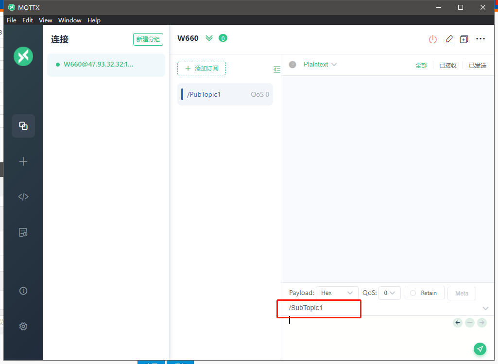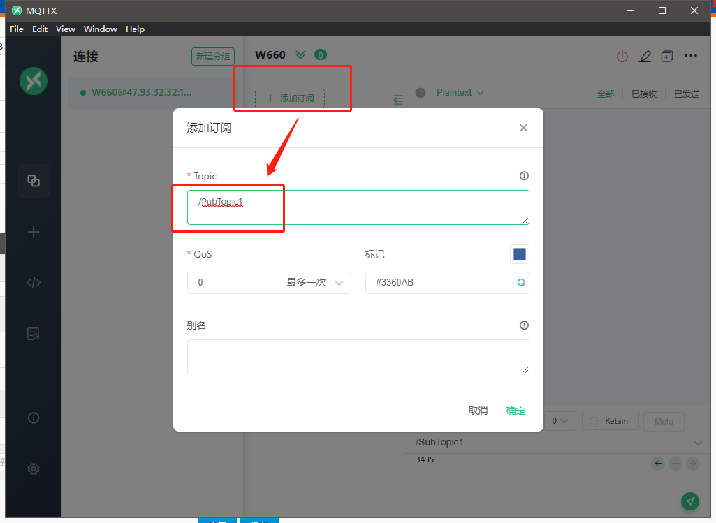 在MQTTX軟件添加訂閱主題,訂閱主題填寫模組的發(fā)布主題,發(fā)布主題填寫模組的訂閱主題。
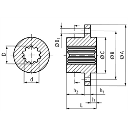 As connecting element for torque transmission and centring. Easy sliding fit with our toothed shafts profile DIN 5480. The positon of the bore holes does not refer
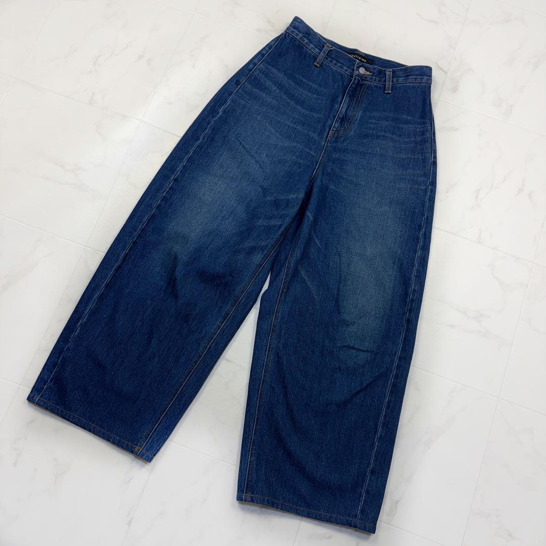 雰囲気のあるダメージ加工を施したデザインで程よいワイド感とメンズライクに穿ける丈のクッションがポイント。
□ □ □
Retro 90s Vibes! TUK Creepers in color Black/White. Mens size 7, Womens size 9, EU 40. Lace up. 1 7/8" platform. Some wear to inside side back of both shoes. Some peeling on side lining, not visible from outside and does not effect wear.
□ □ □
**Task description**
Look above for the line with "As connecting element", then give again exactly every line from there through the line with "雰囲気のあるダメージ加工を施", skipping the pictures.

**Response to the exercise**
 As connecting element for torque transmission and centring. Easy sliding fit with our toothed shafts profile DIN 5480. The positon of the bore holes does not refer
 雰囲気のあるダメージ加工を施したデザインで程よいワイド感とメンズライクに穿ける丈のクッションがポイント。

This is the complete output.